[Work request]:
When you reach the line that contains "The temperature sensor is based", begin copying exactly and continue through the last line below. Do not copy pictures.

★ ★ ★ ★ ★ ★ ★

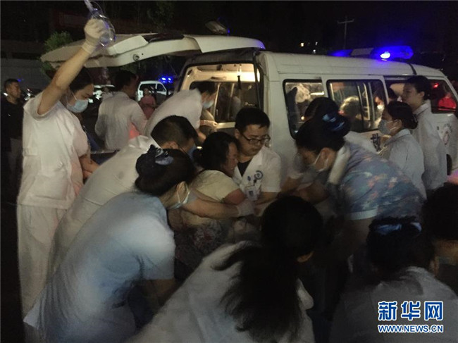6月18日,在長(zhǎng)寧縣中醫(yī)院,醫(yī)務(wù)人員救治地震中的傷者。新華社發(fā)(萬(wàn)敏攝)
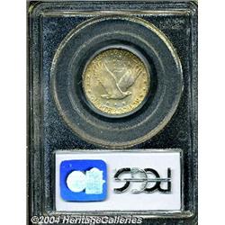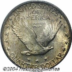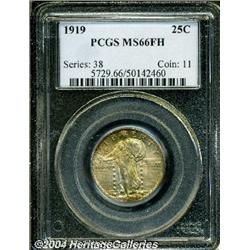 <B>1919<25C> MS66 Full Head PCGS.</B></I> A surprisingly sharply struck Gem that has a razor sharp head and above average details on the waist and shield rivets. Lustrous and nicely preserved with an abundant amount of variegated antique-golden and silver-gray patina. Population: 50 in 66, 10 finer (9/04). <BR><BR><B>Important notice:</B> Heritage usually auctions material at the rate of 200-250 lots per hour. On some occasions eBay Live bid software or the Internet may not be able to keep up with the pace of the auction. We recommend placing a realistic absentee bid now as insurance to avoid disappointment. Occasionally the auctioneer may eliminate or reject an eBay Live bid, and the auctioneer may also reopen a lot after the close of the eBay live bidding (usually because we missed an audience bid), and may reject your bid even if it shows you as the winning bidder. By bidding via eBay Live, you agree that Heritage may award the lot to another bidder at its sole discretion under the circumstances described above or any other reasonable circumstances. Since eBay bids are not shown to us until we open the lot on the floor, we treat those bids just like floor bids. In most cases the floor responds before the eBay bid is presented to us, due to Internet lag time, so for consistency we have made it a policy that floor bids are always considered first over tie eBay live bids. Also please note that all Heritage lots purchased through eBay Live carry a 20% Buyer's Premium. Please make sure you read the Terms and Conditions before you bid.
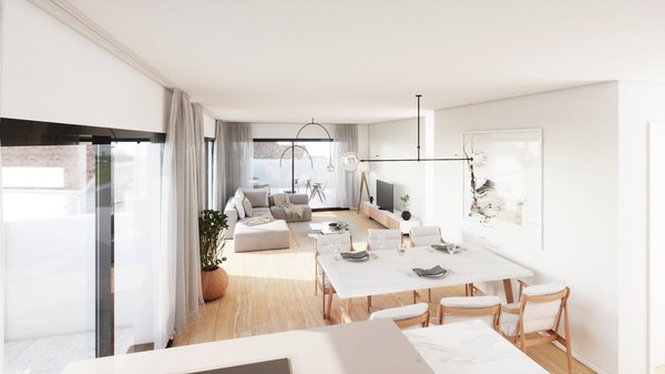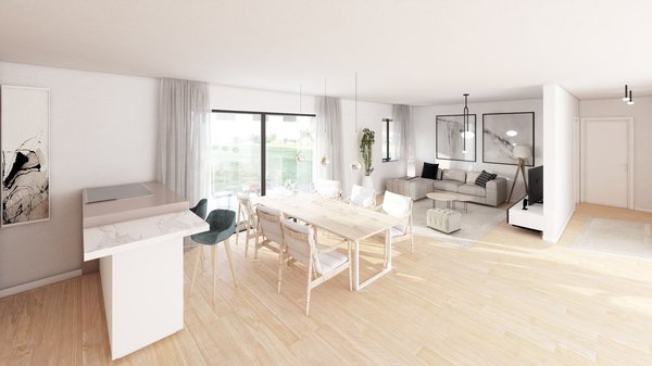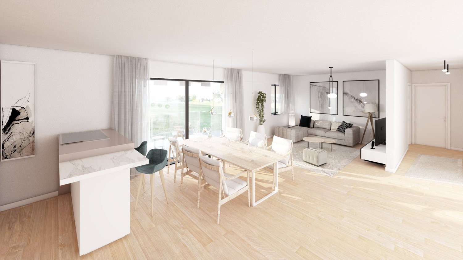 Der weitläufige Wohn- und Essbereich mit moderner, offen gestalteter Küche bildet das stilvolle Zentrum der Wohnung – ideal für gemütliche Abende, Gäste oder das tägliche Familienleben.
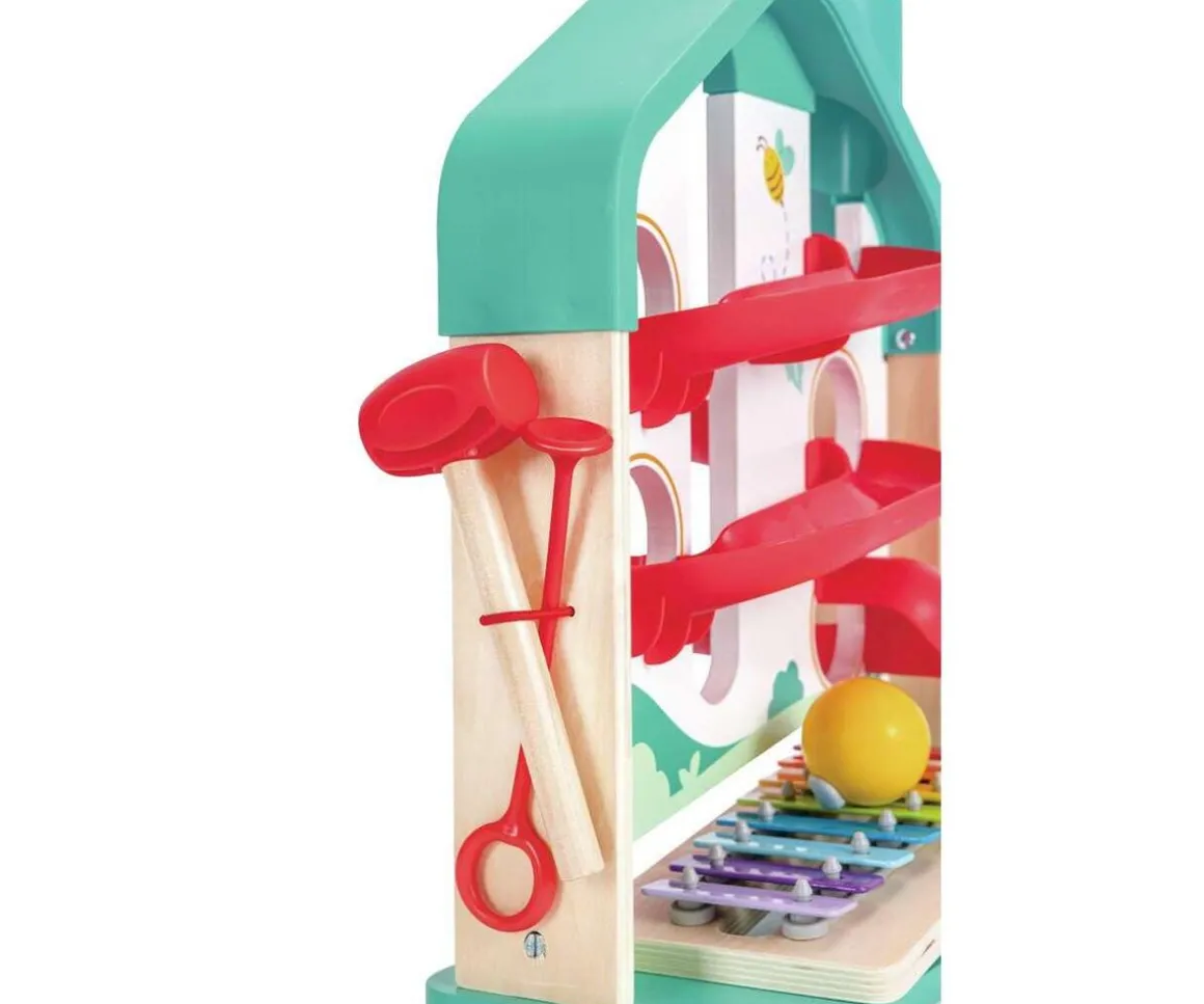 Un original circuito con forma de casa y un xilófono incluído para tocar melodías.
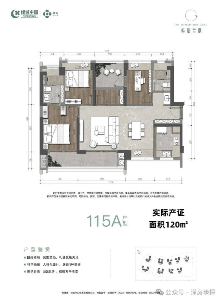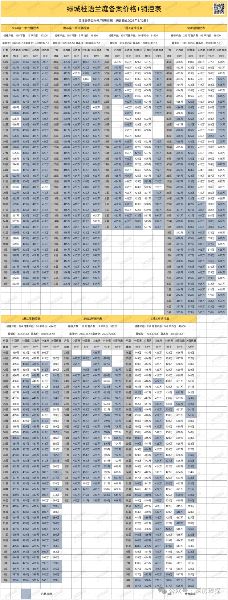 光明中心区,绿城桂语兰庭1期于2023年3月8日首推入市,本次推出3栋A/B/C/D/E座,面积有89㎡的3房2厅2卫,115-128㎡的4房2厅2卫户型,共942套房源,备案均价5万/㎡,备案单价4.07-5.93万/㎡,总价363-738万/套,当时开盘是备案价销售,现房带精装交房。
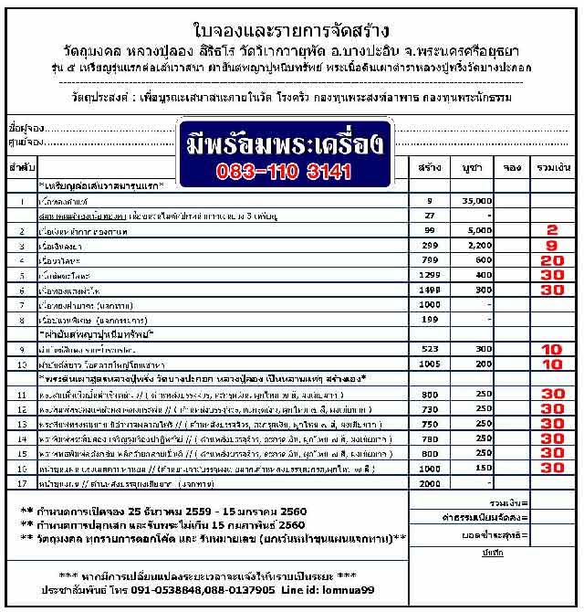 นำรายการและจำนวนที่จะเปิดจองมาให้ดูกันก่อนครับ พรุ่งนี้ 25/12/59 พบกันที่กระดานจองพระเครื่องสร้างใหม่ครับ
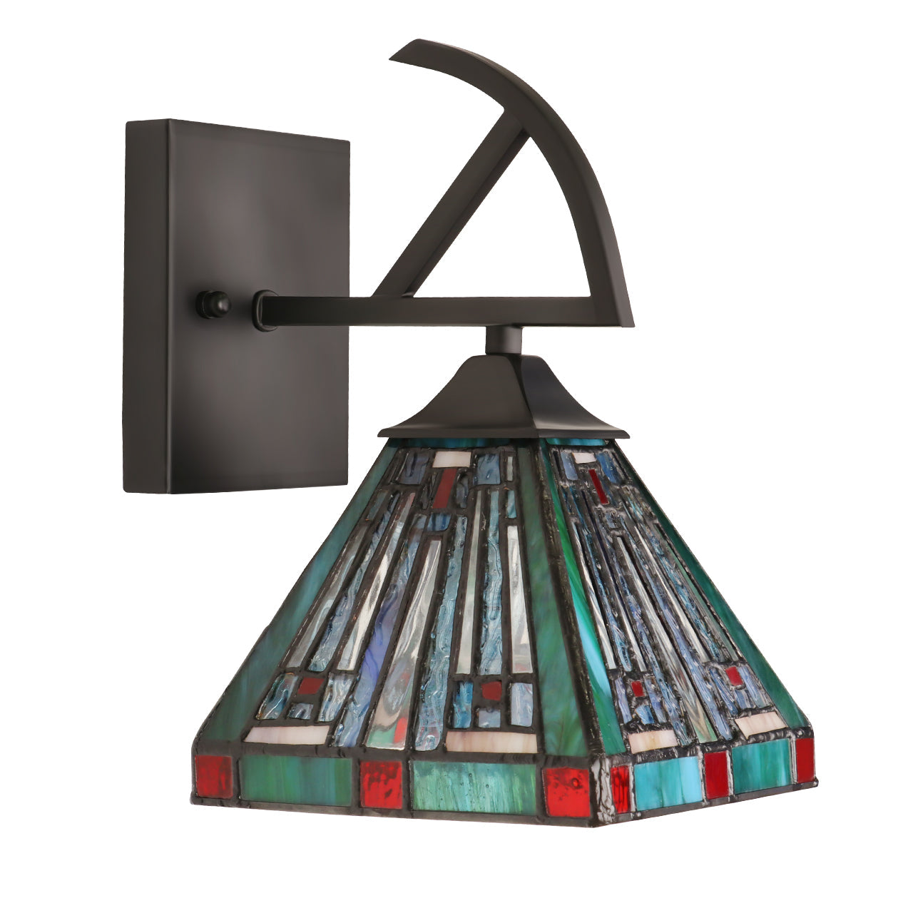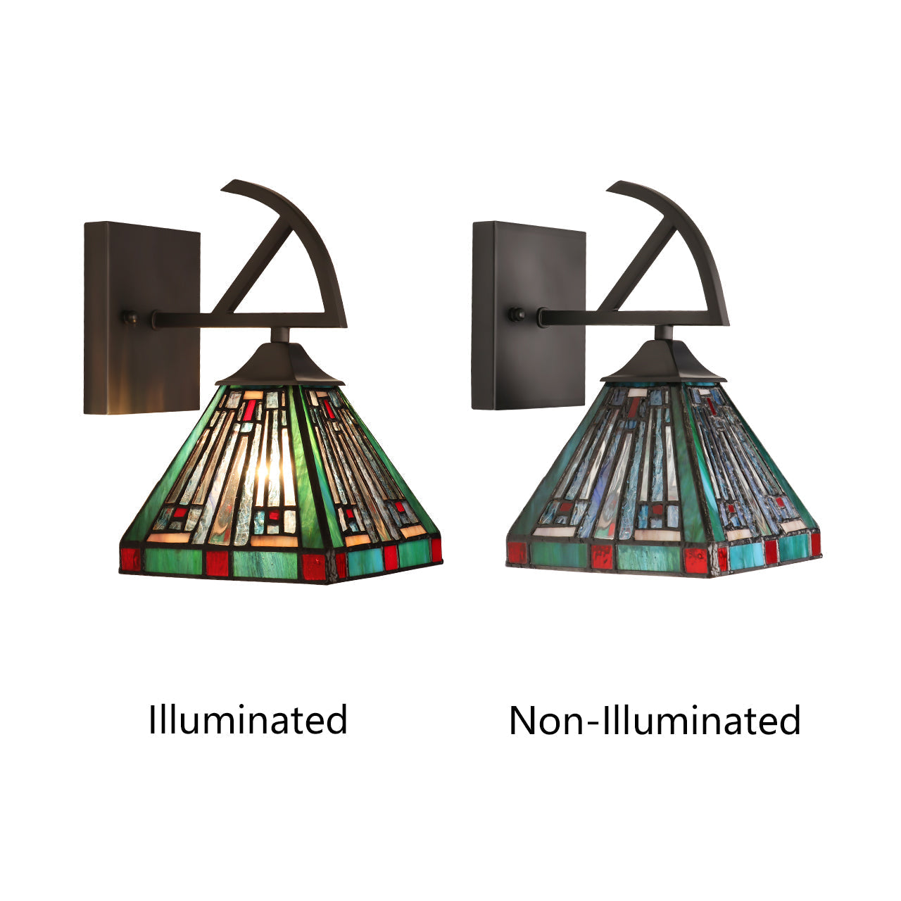 Innes is a stunning 1 light indoor wall sconce, featuring a beautiful mission shade. This piece would be perfect in a hallway or a foyer. Each shade is handcrafted, using the same methods developed by Louis Comfort Tiffany in the early 1900's. This process entails using 152 hand cut stained art glass pieces, each wrapped in fine copper foil and soldered together at extremely high temperatures to form each unique piece. Exact size to the nearest inch may vary, and exact color of each glass piece may vary due to each piece being handcrafted. First image is with the light shining through, second image is with no light. Dry listed and recommended for an indoor setting.
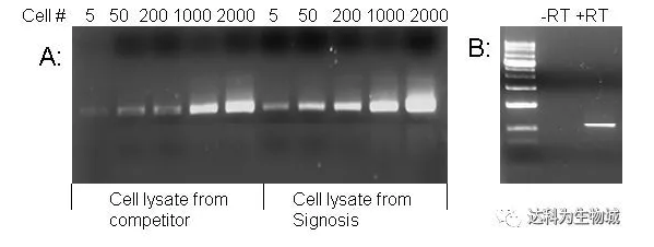 圖2  A: 比較Signosis與其他品牌的細(xì)胞裂解液。分別對(duì)裂解產(chǎn)物中的β-actin進(jìn)行30個(gè)循環(huán)反轉(zhuǎn)錄PCR。
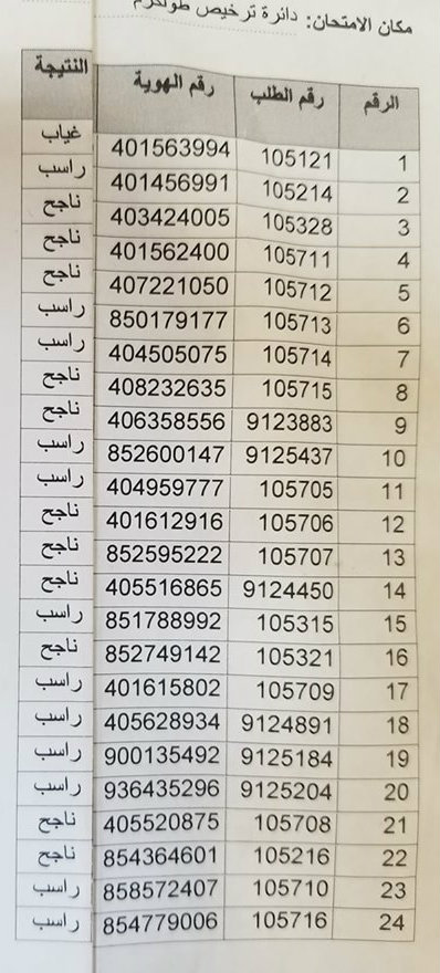 مديرية النقل والمواصلات في طولكرم تعلن عن نتائج امتحان السياقة العملي ليوم الثلاثاء 05.11.2019.
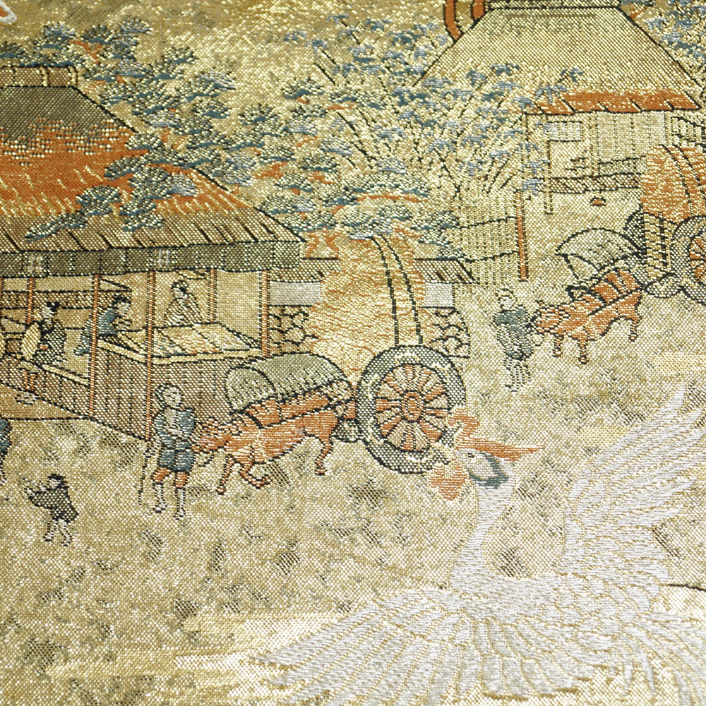 | 品 名 | 袋帯 未仕立て品 東海道五十三次模様 金糸 六通柄 金色系 【袋帯 中古 袋帯 リサイクル 袋帯 フォーマル 袋帯 リサイクル着物 帯 正絹 袋帯 着物 袋帯 中古】 | ||
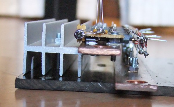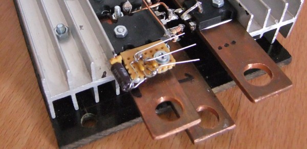 The temperature sensor is based on the LM35 Temperature IC. The IC is soldered onto a small piece of veroboard together with its de-coupling capacitors. This small temperature module is then fastened to the MOSFET heatsink and the the sensor leads are connected to the PWM Micro Processor as shown in the controller circuit diagrams. The location of the temperature sensor is shown in the pictures below:
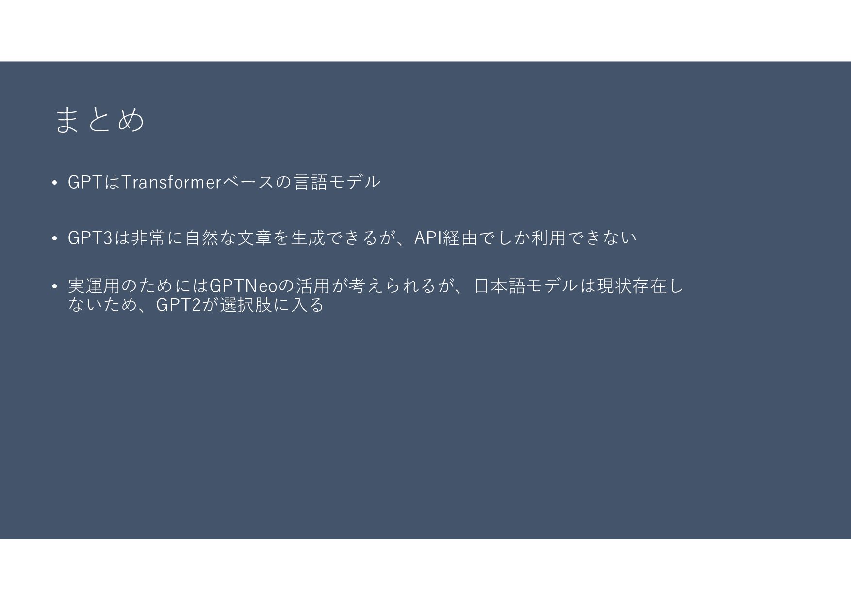 まとめ • GPTはTransformerベースの言語モデル • GPT3は非常に自然な文章を生成できるが、API経由でしか利用できない • 実運用のためにはGPTNeoの活用が考えられるが、日本語モデルは現状存在し ないため、GPT2が選択肢に入る
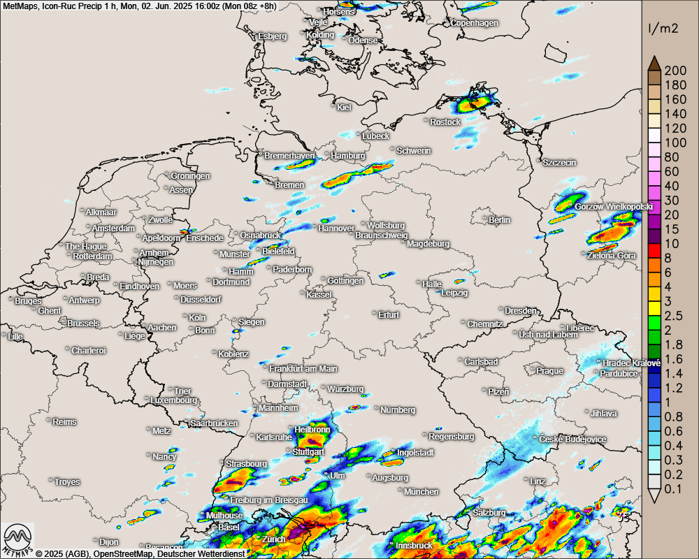 Die Ein-Stunden-Niederschlagsmengen bis 15:00, 16:00 und 20:00 Uhr nach ICON-RUC in der Übersicht:

★ ★ ★ ★ ★ ★ ★

[Solution to the exercise]:
 The temperature sensor is based on the LM35 Temperature IC. The IC is soldered onto a small piece of veroboard together with its de-coupling capacitors. This small temperature module is then fastened to the MOSFET heatsink and the the sensor leads are connected to the PWM Micro Processor as shown in the controller circuit diagrams. The location of the temperature sensor is shown in the pictures below:
 まとめ • GPTはTransformerベースの言語モデル • GPT3は非常に自然な文章を生成できるが、API経由でしか利用できない • 実運用のためにはGPTNeoの活用が考えられるが、日本語モデルは現状存在し ないため、GPT2が選択肢に入る
 Die Ein-Stunden-Niederschlagsmengen bis 15:00, 16:00 und 20:00 Uhr nach ICON-RUC in der Übersicht:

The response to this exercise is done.